_WORK TO COMPLETE:_
Beginning at the line that contains "Смеситель для кухни", reproduce the entries below exactly, ending with the line that contains "肩甲挙筋のほぐし方は単独でも". Omit each picture.

_RECORDS TO PROCESS:_
------------------------------------------------

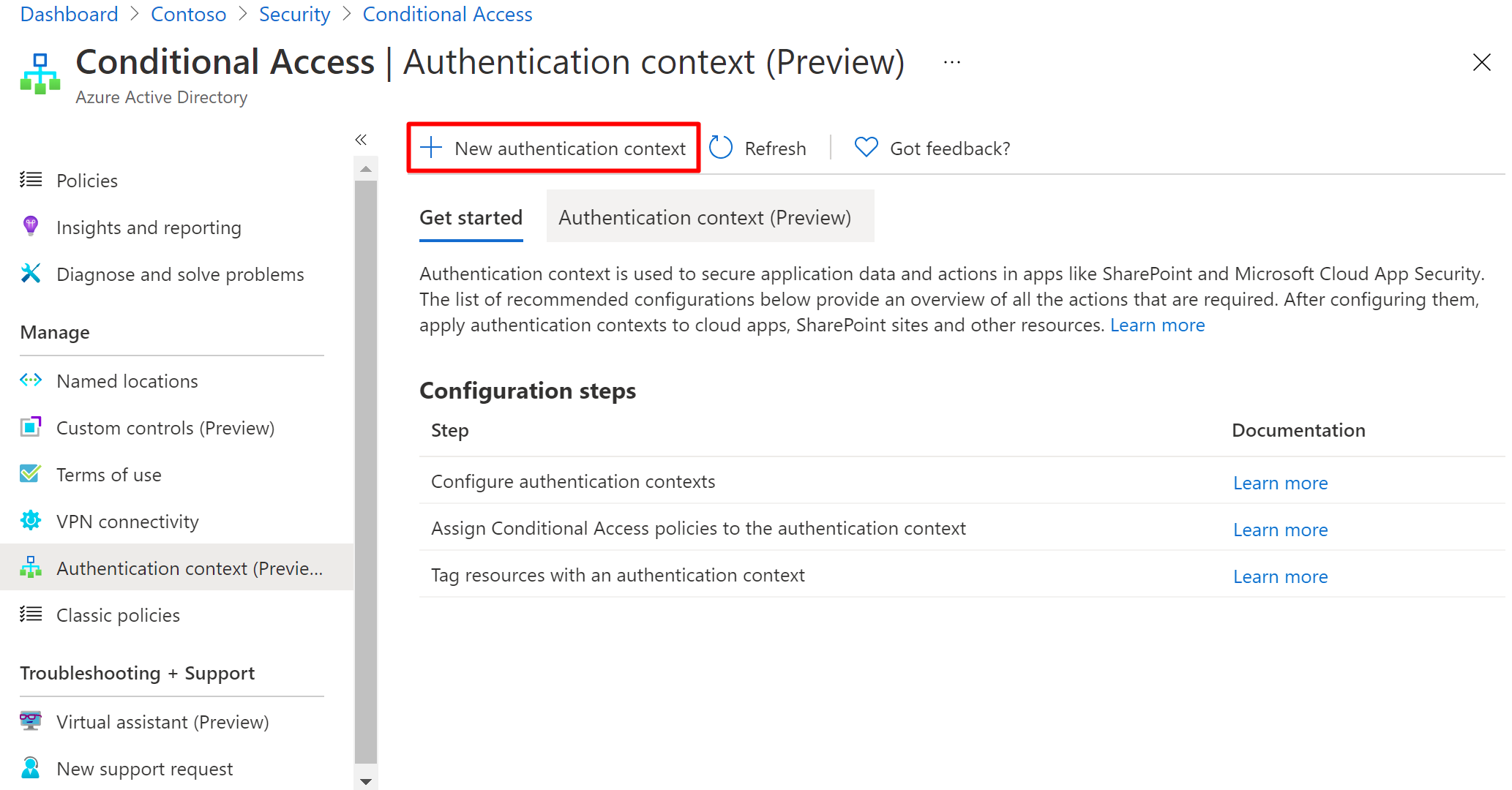 Azure AD Conditional Access has been quite powerful for a long time, but just got way better with the new authentication context feature. Authentication context is essentially a new way to scope conditional access policies, where instead of targeting an application, you target a context, such as “High security operations” or “Operations requiring consenting to terms of use”. Using the authentication context, you can split your applications into several assurance levels, each being targeted by a separate set of CA policies.
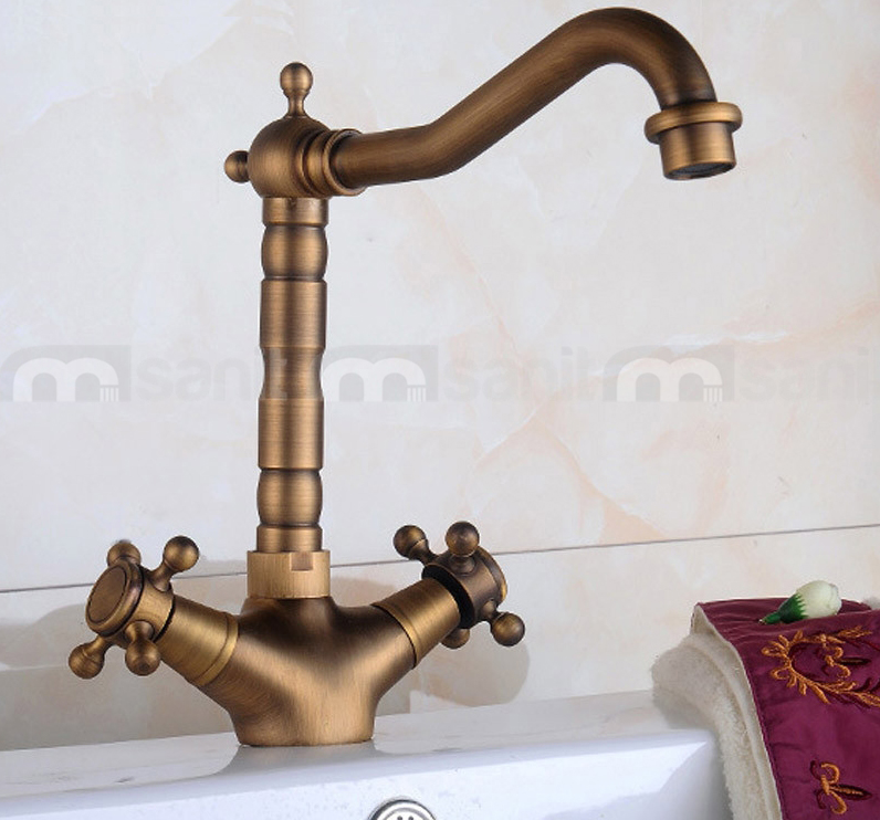 Смеситель для кухни в стиле ретро, СТАРОЕ ЗОЛОТО / ЛАТУНЬ
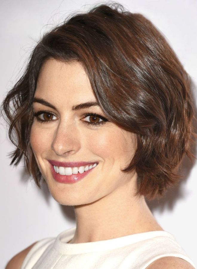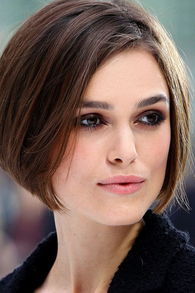 Стрижка «французский боб» длиной до подбородка и овальная форма лица — идеальное сочетание! Они подчеркивают черты лица и очень просты в укладке. Используйте круглую щетку и фен, чтобы завить кончики волос внутрь. Капля мусса для укладки придаст вашим волосам объем и текстуру.
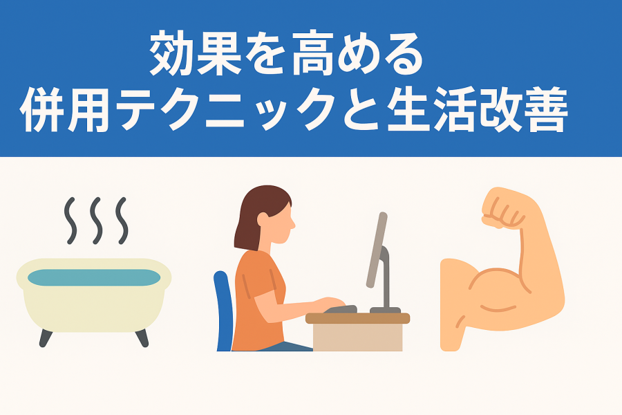 肩甲挙筋のほぐし方は単独でも役立つとされていますが、温熱・姿勢改善・定期ケア・筋トレを組み合わせることで、より効果的にサポートできると考えられています。日常生活の中で取り入れられる工夫を重ねることが、長期的な改善につながりやすいでしょう。
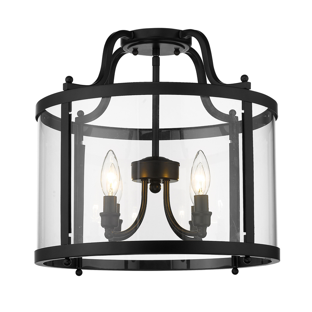 Bring modern sophistication into your home with the Golden Lighting Payton 4-light Semi-Flush Mount in Matte Black. Featuring a glass shade and a matte black frame, it creates an inviting atmosphere. The clear glass shades provide brilliant, unobstructed light, working beautifully in both traditional and contemporary interiors. The matte black finish adds a graphic quality to the design, offering understated elegance for any setting. This fixture is damp location rated, making it suitable for covered and semi-enclosed spaces like entryways, bedrooms, and kitchens. With overall dimensions of 16"W x 15.5"H x 16"D, it accommodates 4 E12 candelabra base bulbs (not included), with a maximum wattage of 60 per bulb. Experience the perfect blend of style and functionality with this elegant semi-flush mount fixture.
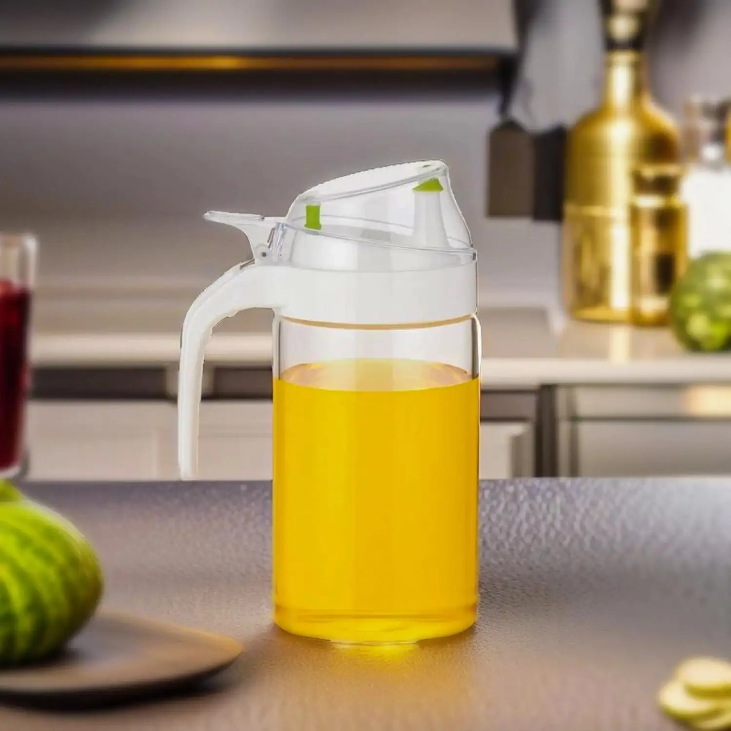 borosilicate glass oil dispenser with white anti-drip spout and oil control design. Perfect for clean, precise pouring in the kitchen.
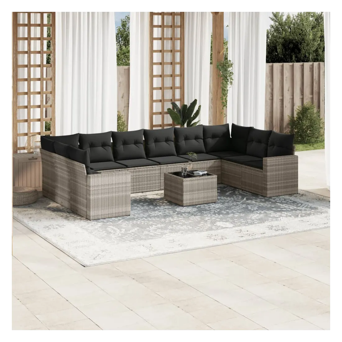 Cet ensemble de canapés de jardin est le complément parfait de votre arrière-cour, terrasse ou patio, offrant un espace confortable et accueillant pour discuter avec la famille et les amis ou simplement se détendre et profiter de l'extérieur. Matériau durable : la résine tressée, également connue sous le nom de poly rotin, est un matériau synthétique solide et nécessitant peu d'entretien qui ressemble au rotin naturel. Il est léger, facile à nettoyer et couramment utilisé pour les meubles d'extérieur en raison de sa durabilité et de ses propriétés de résistance aux intempéries.Fonction de rangement avec sac résistant à l'eau : chaque siège de jardin dispose d'un espace de rangement sous l'assise, complété par un sac résistant à l'eau pour ranger les coussins, les jouets et d'autres objets. Les sacs intérieurs sont dotés d'un couvercle et peuvent être solidement fixés aux sièges à l'aide de bandes auto-agrippantes pour plus de stabilité.Dessus en verre : le dessus de la table d'extérieur est fabriqué en verre trempé solide et durable, ce qui le rend facile à nettoyer avec un chiffon humide et ajoute une touche d'élégance à votre espace extérieur.Housse amovible et lavable : ces coussins de siège sont dotés de housses amovibles pour un lavage et un entretien faciles.Conception modulaire : cet ensemble de meubles d'extérieur a une conception modulaire, ce qui le rend complètement flexible et facile à déplacer, afin que vous puissiez créer un agencement de meubles d'extérieur personnalisé. Bon à savoir :Pour que vos meubles d'extérieur restent beaux, nous vous recommandons de les protéger avec une housse imperméable.
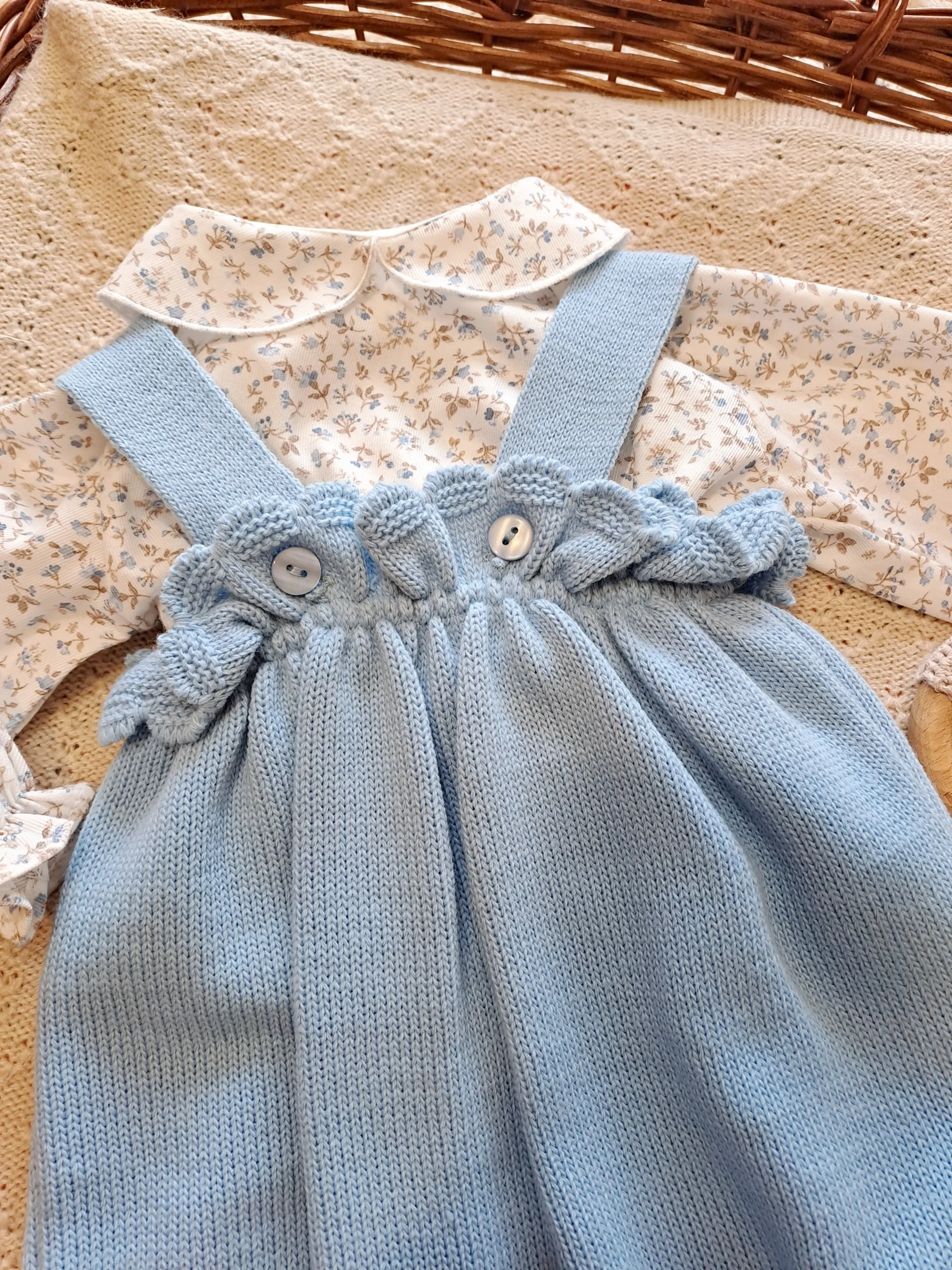 Conjunto de ranita de punto y camisa de flores
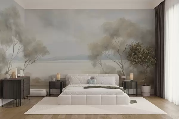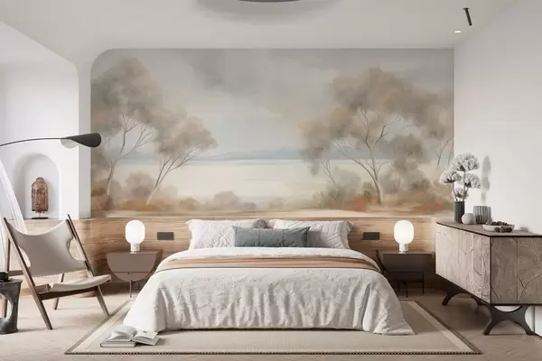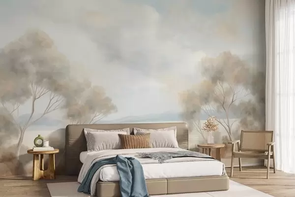 Fototapet En landskapsmålning med textur och träd under ett molnigt himmel Nr. w09753

------------------------------------------------

_RESPONSE TO THIS TASK:_
 Смеситель для кухни в стиле ретро, СТАРОЕ ЗОЛОТО / ЛАТУНЬ
 Стрижка «французский боб» длиной до подбородка и овальная форма лица — идеальное сочетание! Они подчеркивают черты лица и очень просты в укладке. Используйте круглую щетку и фен, чтобы завить кончики волос внутрь. Капля мусса для укладки придаст вашим волосам объем и текстуру.
 肩甲挙筋のほぐし方は単独でも役立つとされていますが、温熱・姿勢改善・定期ケア・筋トレを組み合わせることで、より効果的にサポートできると考えられています。日常生活の中で取り入れられる工夫を重ねることが、長期的な改善につながりやすいでしょう。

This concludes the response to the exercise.